[Data items]
##########

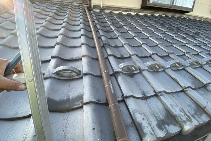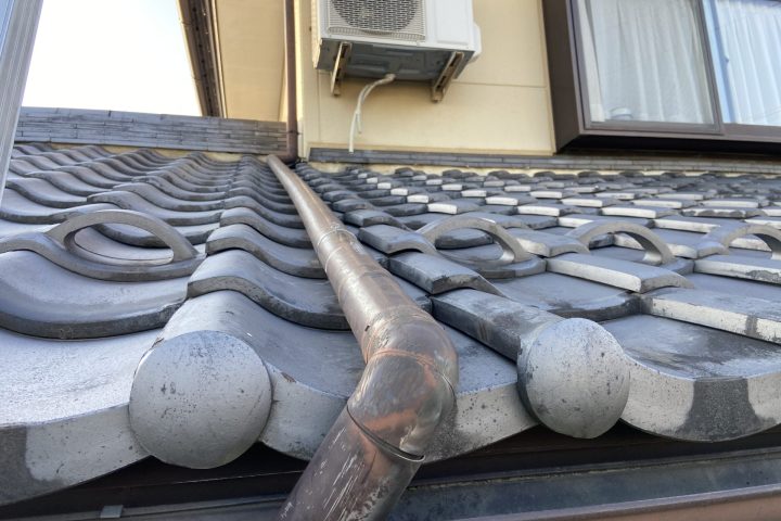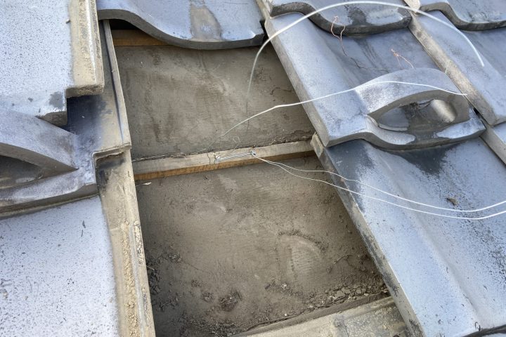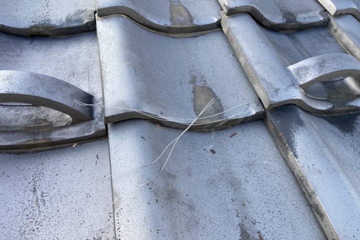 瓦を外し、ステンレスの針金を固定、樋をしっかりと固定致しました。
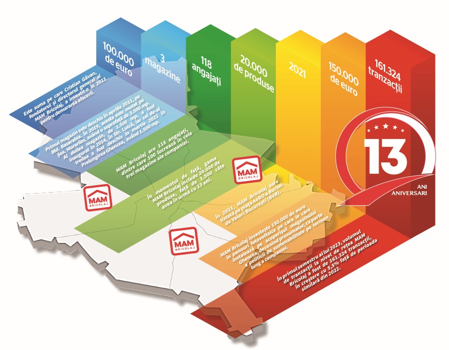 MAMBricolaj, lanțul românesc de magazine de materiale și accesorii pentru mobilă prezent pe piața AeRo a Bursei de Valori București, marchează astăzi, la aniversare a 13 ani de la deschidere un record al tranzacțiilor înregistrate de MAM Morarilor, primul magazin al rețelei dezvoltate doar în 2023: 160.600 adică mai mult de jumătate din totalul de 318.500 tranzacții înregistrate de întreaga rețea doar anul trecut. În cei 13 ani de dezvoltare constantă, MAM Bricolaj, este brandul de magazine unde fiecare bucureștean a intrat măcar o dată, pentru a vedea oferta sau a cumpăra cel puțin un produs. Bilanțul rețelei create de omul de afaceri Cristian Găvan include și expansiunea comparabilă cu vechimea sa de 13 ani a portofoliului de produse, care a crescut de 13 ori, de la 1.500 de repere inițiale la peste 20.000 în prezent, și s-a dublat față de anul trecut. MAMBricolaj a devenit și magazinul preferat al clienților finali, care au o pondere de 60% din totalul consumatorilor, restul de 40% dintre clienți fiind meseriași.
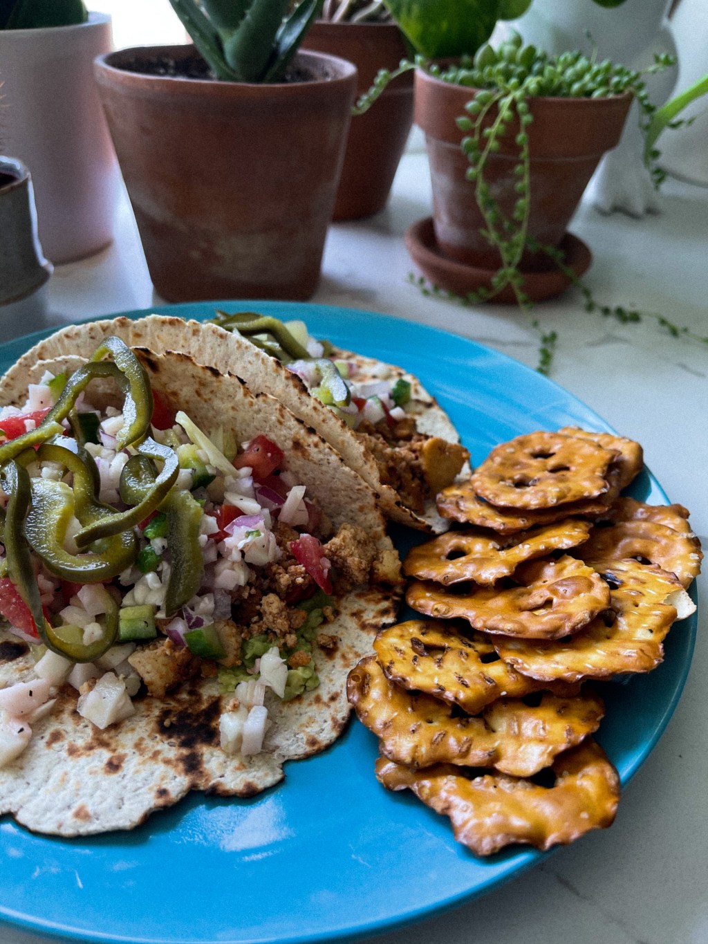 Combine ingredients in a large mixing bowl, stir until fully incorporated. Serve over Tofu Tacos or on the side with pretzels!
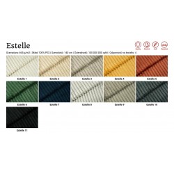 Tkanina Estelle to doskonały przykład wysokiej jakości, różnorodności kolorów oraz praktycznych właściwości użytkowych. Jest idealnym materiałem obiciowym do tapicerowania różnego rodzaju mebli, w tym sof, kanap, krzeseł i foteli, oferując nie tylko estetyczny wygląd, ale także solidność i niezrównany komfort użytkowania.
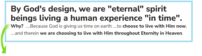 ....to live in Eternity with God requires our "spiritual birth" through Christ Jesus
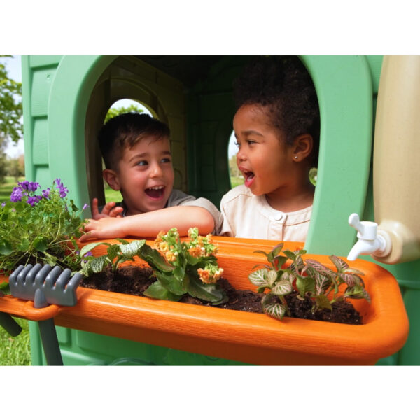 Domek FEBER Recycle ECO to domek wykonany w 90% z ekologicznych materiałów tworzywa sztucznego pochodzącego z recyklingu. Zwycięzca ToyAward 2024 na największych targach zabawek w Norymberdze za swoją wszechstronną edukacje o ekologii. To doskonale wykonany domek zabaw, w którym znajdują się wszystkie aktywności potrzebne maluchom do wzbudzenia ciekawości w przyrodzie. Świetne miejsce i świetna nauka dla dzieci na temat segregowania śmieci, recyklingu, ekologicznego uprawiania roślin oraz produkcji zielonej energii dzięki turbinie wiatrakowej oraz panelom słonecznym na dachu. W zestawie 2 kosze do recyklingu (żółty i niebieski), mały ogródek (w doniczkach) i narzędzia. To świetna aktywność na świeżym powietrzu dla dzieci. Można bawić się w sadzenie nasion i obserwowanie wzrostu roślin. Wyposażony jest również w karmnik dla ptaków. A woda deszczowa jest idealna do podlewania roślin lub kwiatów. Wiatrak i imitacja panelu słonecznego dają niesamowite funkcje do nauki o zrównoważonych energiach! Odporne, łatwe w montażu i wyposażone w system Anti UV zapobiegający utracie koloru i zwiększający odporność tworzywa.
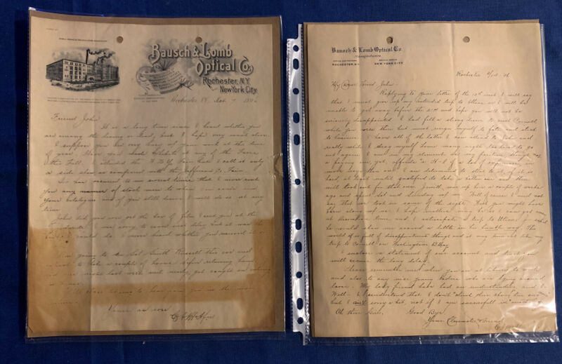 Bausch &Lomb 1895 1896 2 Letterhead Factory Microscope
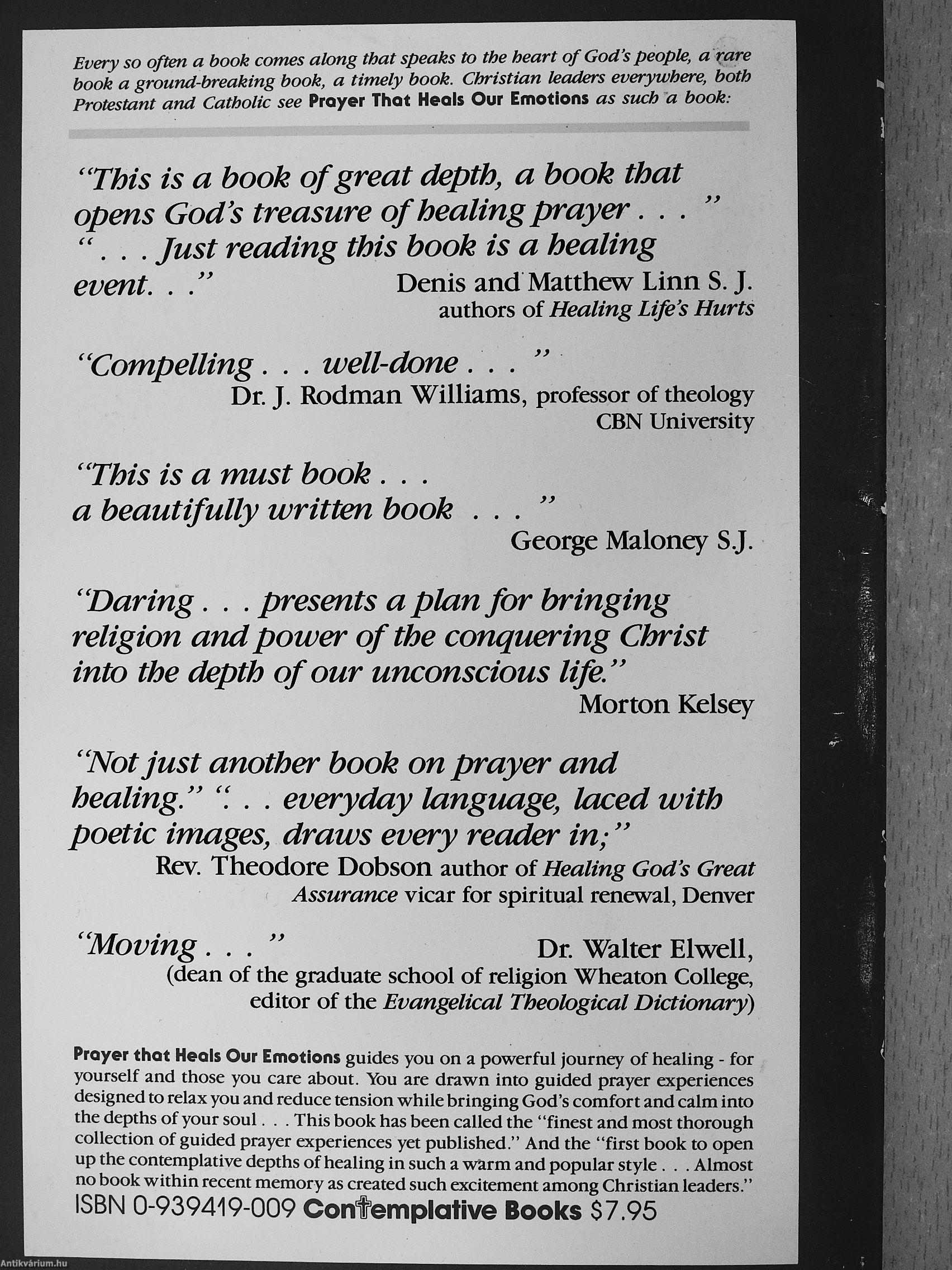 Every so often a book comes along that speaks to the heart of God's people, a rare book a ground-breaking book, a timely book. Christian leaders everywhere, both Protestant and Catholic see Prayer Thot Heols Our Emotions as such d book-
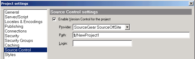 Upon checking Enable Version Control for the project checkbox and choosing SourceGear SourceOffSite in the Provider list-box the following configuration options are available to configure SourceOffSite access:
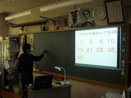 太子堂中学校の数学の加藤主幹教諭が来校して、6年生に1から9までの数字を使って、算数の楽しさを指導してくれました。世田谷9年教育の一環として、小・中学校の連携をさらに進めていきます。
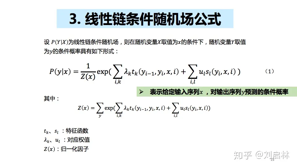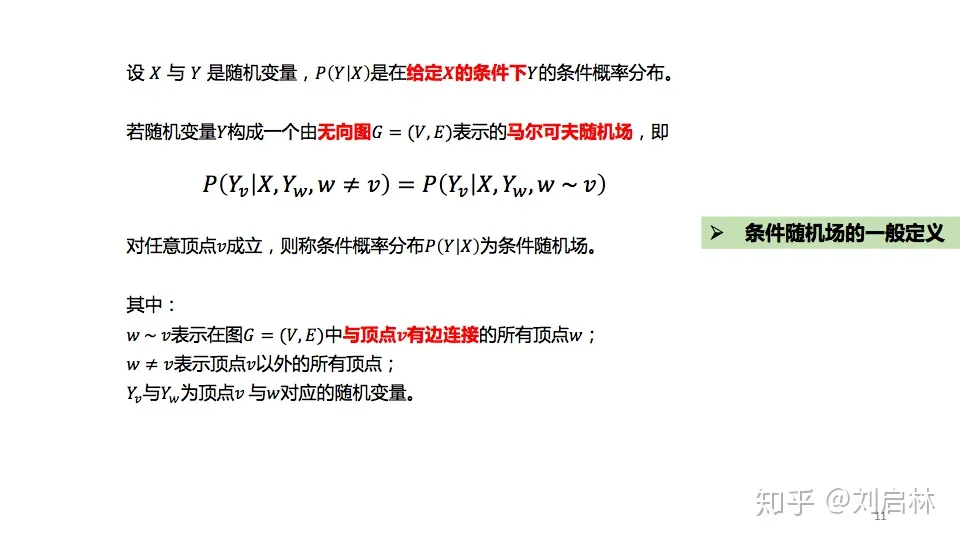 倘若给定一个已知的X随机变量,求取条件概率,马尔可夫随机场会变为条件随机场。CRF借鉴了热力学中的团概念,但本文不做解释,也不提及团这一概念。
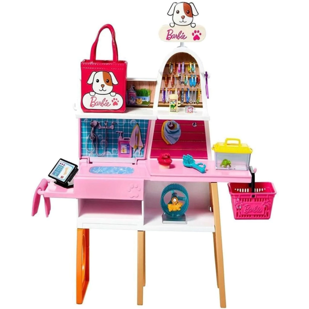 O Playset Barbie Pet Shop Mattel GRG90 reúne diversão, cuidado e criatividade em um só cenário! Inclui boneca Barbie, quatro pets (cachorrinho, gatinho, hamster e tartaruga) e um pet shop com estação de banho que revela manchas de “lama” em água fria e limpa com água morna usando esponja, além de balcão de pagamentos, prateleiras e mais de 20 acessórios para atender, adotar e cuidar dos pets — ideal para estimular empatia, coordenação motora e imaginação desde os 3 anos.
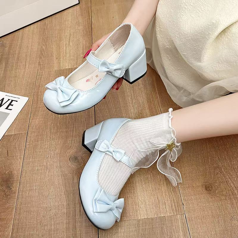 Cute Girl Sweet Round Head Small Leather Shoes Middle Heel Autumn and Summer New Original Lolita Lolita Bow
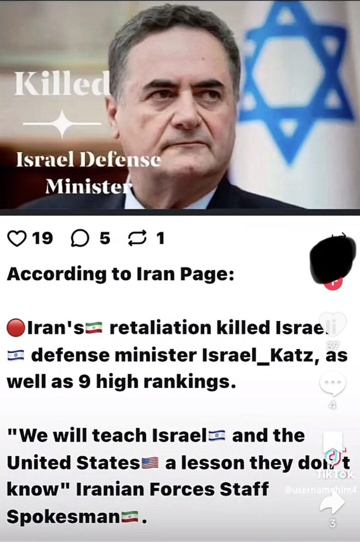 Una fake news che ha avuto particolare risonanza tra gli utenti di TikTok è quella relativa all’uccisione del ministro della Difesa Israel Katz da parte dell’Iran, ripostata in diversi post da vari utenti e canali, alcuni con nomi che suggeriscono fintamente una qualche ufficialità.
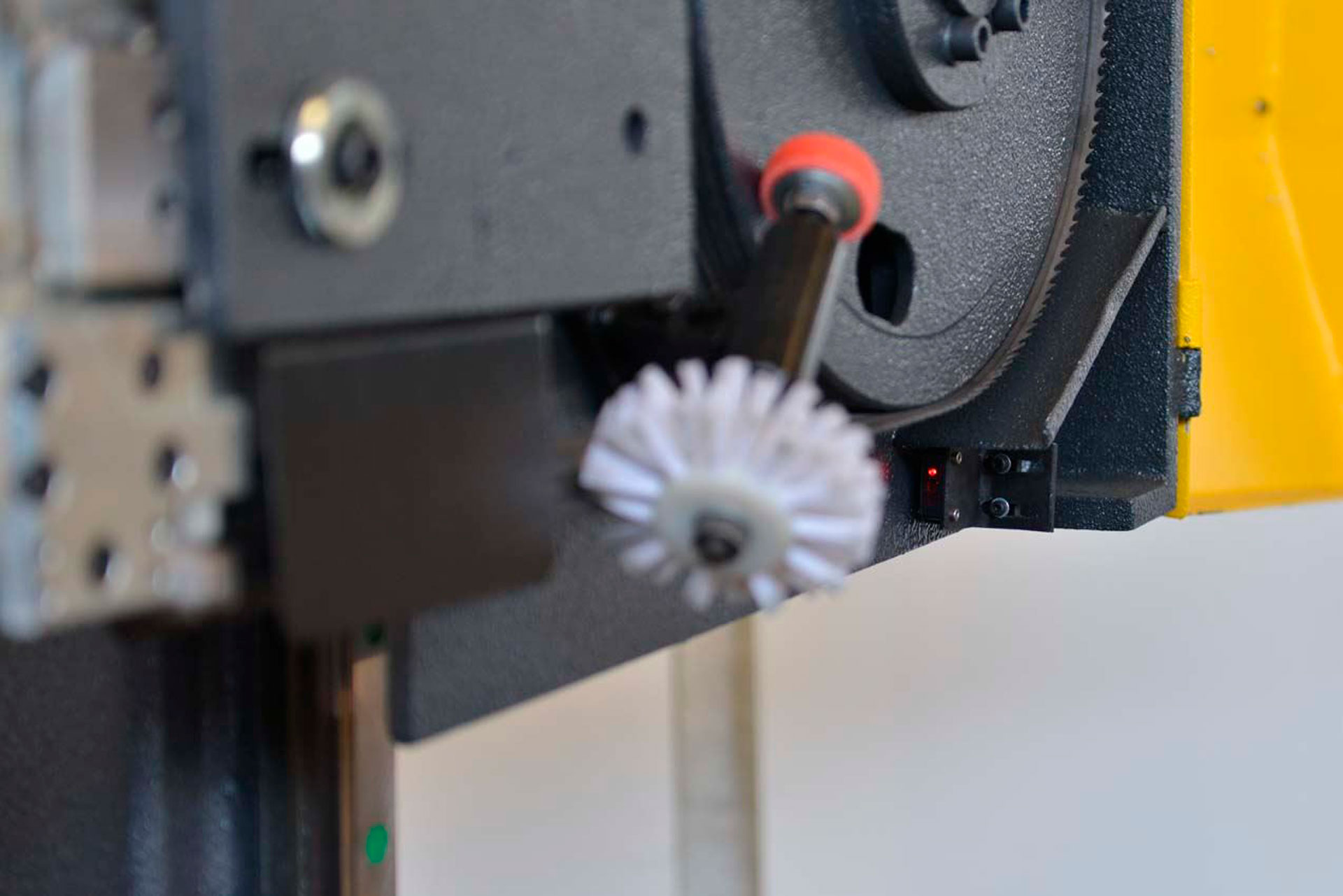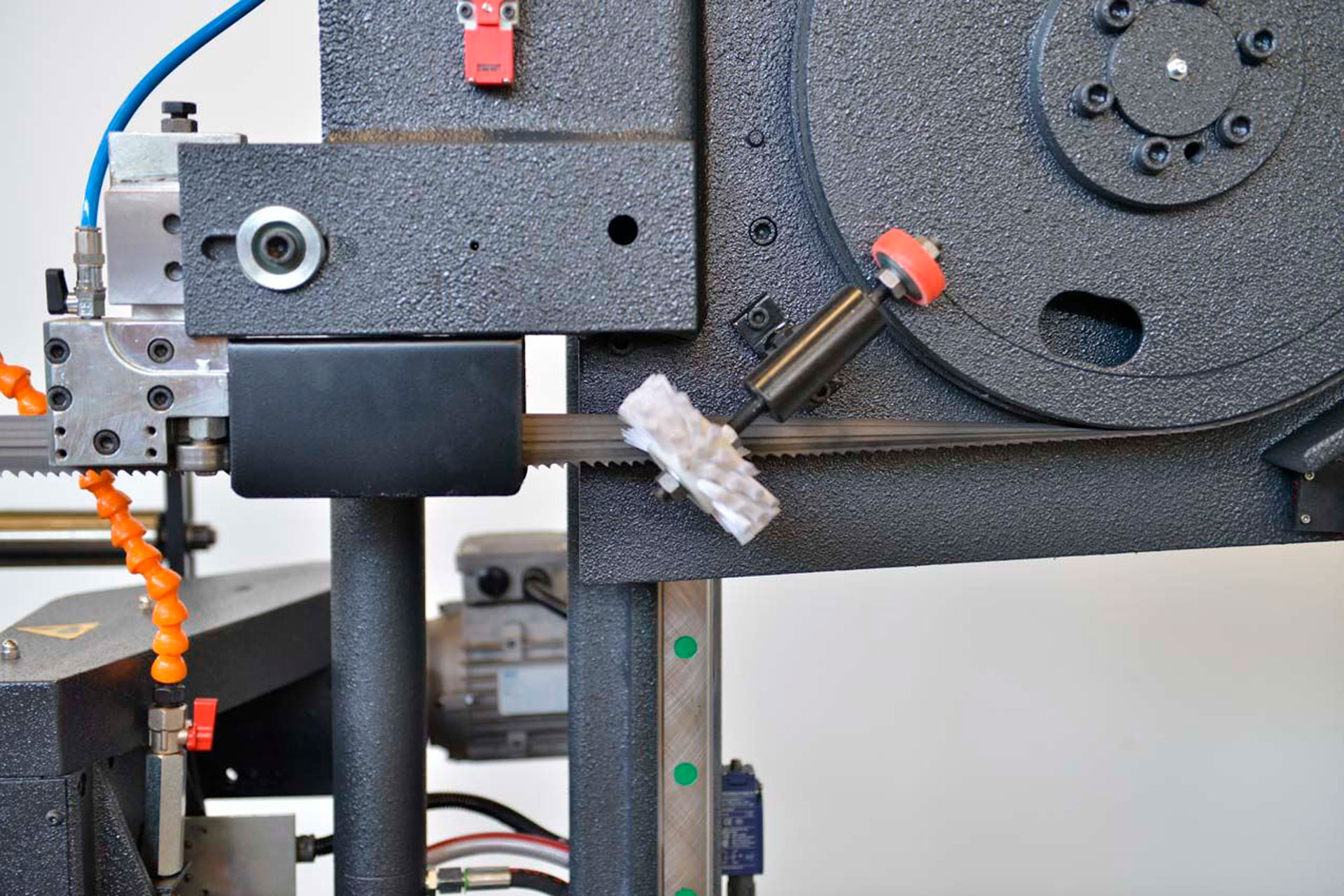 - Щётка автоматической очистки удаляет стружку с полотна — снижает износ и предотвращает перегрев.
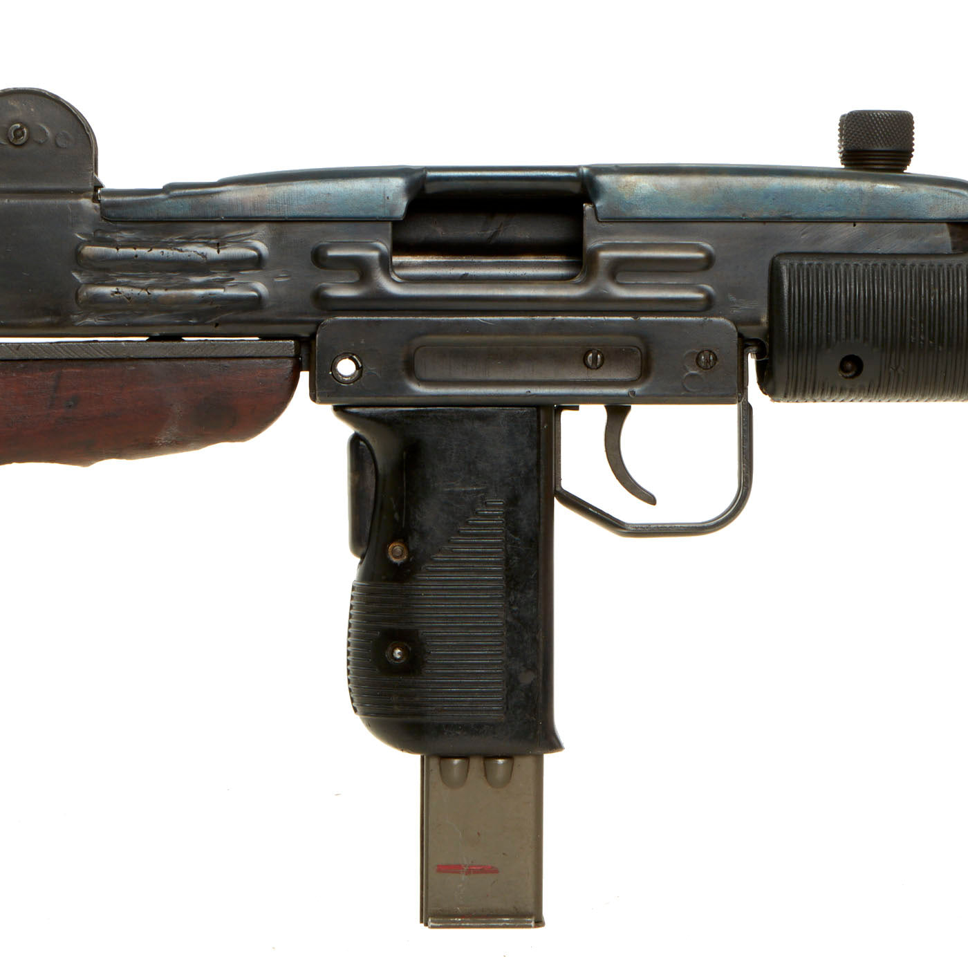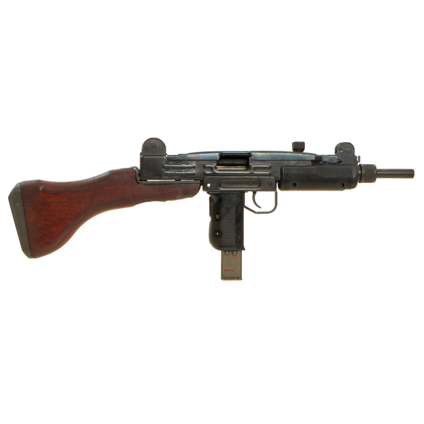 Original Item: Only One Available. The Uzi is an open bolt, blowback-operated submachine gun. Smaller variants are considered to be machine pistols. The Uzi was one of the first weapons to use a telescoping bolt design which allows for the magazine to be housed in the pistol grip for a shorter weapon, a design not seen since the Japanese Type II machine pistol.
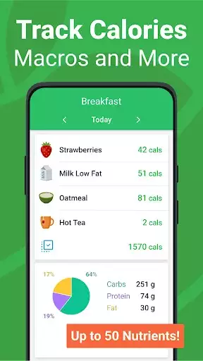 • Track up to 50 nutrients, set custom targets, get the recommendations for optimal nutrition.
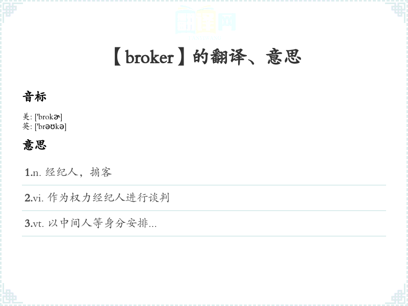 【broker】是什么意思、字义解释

##########

• **Description of the task**
Set down again, word for word, every line from the one with "Domek FEBER Recycle" to the one with "Bausch &Lomb 1895" in the entries above, and omit the pictures.

• **Result of this task**
 Domek FEBER Recycle ECO to domek wykonany w 90% z ekologicznych materiałów tworzywa sztucznego pochodzącego z recyklingu. Zwycięzca ToyAward 2024 na największych targach zabawek w Norymberdze za swoją wszechstronną edukacje o ekologii. To doskonale wykonany domek zabaw, w którym znajdują się wszystkie aktywności potrzebne maluchom do wzbudzenia ciekawości w przyrodzie. Świetne miejsce i świetna nauka dla dzieci na temat segregowania śmieci, recyklingu, ekologicznego uprawiania roślin oraz produkcji zielonej energii dzięki turbinie wiatrakowej oraz panelom słonecznym na dachu. W zestawie 2 kosze do recyklingu (żółty i niebieski), mały ogródek (w doniczkach) i narzędzia. To świetna aktywność na świeżym powietrzu dla dzieci. Można bawić się w sadzenie nasion i obserwowanie wzrostu roślin. Wyposażony jest również w karmnik dla ptaków. A woda deszczowa jest idealna do podlewania roślin lub kwiatów. Wiatrak i imitacja panelu słonecznego dają niesamowite funkcje do nauki o zrównoważonych energiach! Odporne, łatwe w montażu i wyposażone w system Anti UV zapobiegający utracie koloru i zwiększający odporność tworzywa.
 Bausch &Lomb 1895 1896 2 Letterhead Factory Microscope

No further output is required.